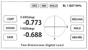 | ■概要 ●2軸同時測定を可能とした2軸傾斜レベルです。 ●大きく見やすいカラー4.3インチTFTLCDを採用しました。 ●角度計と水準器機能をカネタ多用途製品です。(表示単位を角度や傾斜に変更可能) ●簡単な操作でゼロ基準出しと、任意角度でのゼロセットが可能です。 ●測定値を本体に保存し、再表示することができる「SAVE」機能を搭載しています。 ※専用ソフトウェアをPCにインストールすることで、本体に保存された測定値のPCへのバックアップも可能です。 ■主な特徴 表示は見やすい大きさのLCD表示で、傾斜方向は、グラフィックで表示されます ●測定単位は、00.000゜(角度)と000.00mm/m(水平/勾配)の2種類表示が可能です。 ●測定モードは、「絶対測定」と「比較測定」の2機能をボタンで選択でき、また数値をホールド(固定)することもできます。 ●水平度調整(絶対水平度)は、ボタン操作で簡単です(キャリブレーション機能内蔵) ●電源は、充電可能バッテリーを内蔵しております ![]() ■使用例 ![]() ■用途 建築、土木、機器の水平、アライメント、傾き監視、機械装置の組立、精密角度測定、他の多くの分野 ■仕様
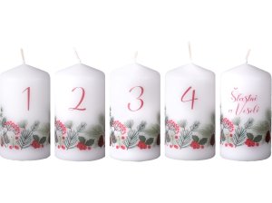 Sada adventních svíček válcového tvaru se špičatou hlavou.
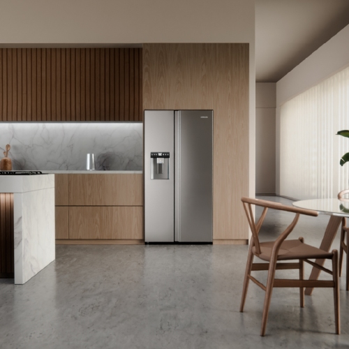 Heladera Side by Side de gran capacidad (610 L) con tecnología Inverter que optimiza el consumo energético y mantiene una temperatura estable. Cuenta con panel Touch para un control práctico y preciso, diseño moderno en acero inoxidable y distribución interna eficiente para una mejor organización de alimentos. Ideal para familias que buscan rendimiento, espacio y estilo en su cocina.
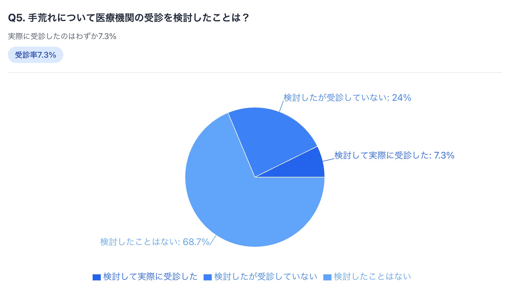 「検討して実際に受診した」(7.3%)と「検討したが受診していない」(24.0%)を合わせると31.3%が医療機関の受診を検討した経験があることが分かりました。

---

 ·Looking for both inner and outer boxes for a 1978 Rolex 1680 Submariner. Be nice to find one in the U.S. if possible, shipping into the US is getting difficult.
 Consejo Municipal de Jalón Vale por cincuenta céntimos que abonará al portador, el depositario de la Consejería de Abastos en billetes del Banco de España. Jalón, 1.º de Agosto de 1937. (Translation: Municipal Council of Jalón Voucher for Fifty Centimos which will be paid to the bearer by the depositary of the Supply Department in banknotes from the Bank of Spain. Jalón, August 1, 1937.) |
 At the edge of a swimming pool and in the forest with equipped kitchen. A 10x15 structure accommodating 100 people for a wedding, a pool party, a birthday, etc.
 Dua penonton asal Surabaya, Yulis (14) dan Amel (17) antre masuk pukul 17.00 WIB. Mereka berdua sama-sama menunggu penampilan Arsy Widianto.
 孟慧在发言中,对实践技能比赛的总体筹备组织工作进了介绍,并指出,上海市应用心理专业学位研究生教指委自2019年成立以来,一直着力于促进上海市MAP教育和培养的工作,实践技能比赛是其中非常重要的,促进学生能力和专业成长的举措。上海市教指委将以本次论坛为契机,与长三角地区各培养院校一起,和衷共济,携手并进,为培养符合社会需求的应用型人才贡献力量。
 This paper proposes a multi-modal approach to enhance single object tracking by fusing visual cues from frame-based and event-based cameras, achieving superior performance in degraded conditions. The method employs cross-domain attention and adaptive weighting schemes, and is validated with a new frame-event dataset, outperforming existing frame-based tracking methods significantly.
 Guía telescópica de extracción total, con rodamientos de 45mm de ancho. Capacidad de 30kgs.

* * *

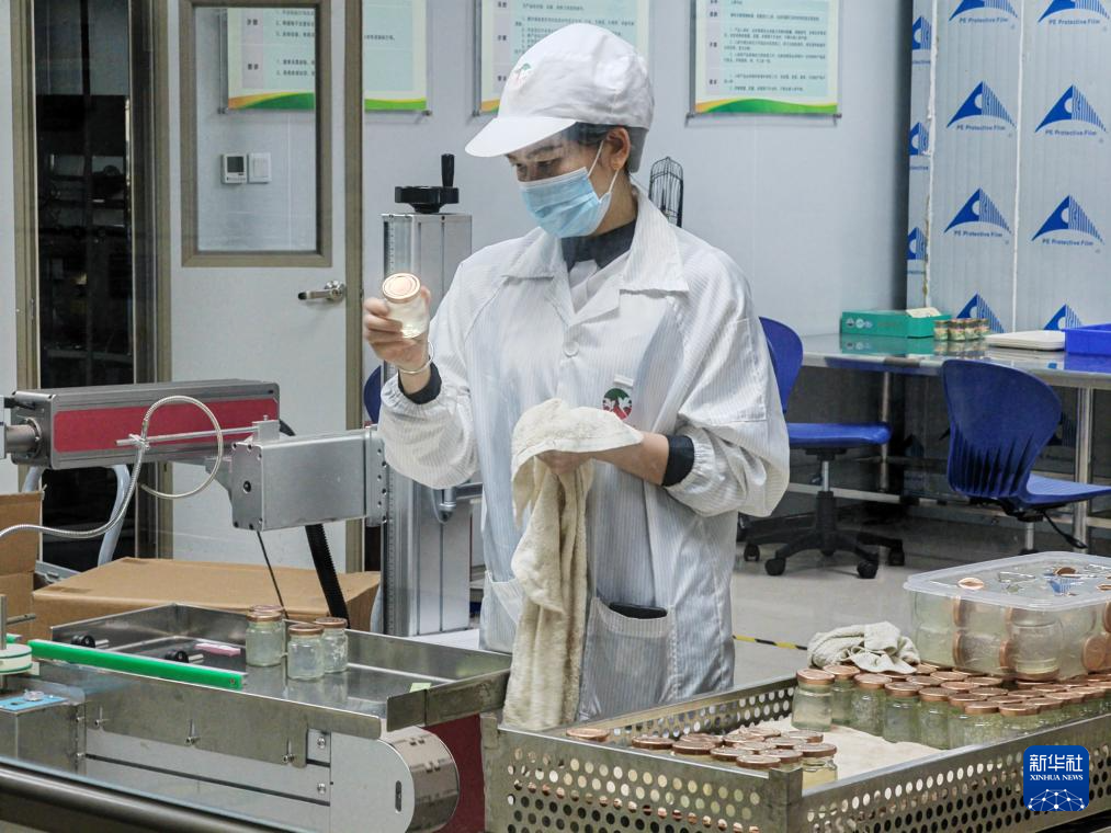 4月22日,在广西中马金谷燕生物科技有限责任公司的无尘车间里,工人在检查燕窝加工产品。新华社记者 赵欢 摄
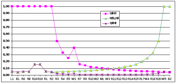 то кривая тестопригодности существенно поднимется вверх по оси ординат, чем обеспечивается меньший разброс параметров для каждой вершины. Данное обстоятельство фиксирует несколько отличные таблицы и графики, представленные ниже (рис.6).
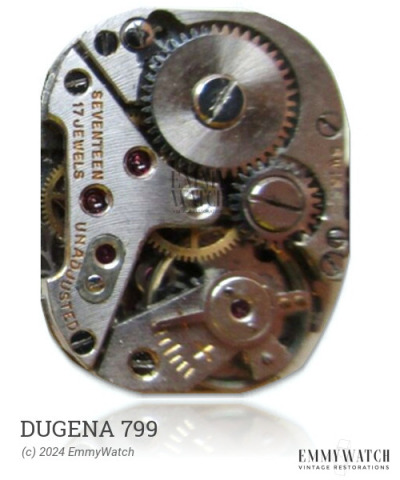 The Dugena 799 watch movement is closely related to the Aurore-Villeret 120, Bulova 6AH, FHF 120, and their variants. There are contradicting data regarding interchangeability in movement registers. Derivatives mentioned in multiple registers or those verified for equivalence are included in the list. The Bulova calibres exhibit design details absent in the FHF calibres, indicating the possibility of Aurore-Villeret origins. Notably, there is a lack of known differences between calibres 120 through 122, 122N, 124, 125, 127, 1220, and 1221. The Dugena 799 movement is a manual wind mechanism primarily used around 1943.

• _What is being asked_:
Using only the listing above, restate exactly the lines from the line containing "At the edge" through the line containing "Guía telescópica de", both included.

• _Answer to the problem_:
 At the edge of a swimming pool and in the forest with equipped kitchen. A 10x15 structure accommodating 100 people for a wedding, a pool party, a birthday, etc.
 Dua penonton asal Surabaya, Yulis (14) dan Amel (17) antre masuk pukul 17.00 WIB. Mereka berdua sama-sama menunggu penampilan Arsy Widianto.
 孟慧在发言中,对实践技能比赛的总体筹备组织工作进了介绍,并指出,上海市应用心理专业学位研究生教指委自2019年成立以来,一直着力于促进上海市MAP教育和培养的工作,实践技能比赛是其中非常重要的,促进学生能力和专业成长的举措。上海市教指委将以本次论坛为契机,与长三角地区各培养院校一起,和衷共济,携手并进,为培养符合社会需求的应用型人才贡献力量。
 This paper proposes a multi-modal approach to enhance single object tracking by fusing visual cues from frame-based and event-based cameras, achieving superior performance in degraded conditions. The method employs cross-domain attention and adaptive weighting schemes, and is validated with a new frame-event dataset, outperforming existing frame-based tracking methods significantly.
 Guía telescópica de extracción total, con rodamientos de 45mm de ancho. Capacidad de 30kgs.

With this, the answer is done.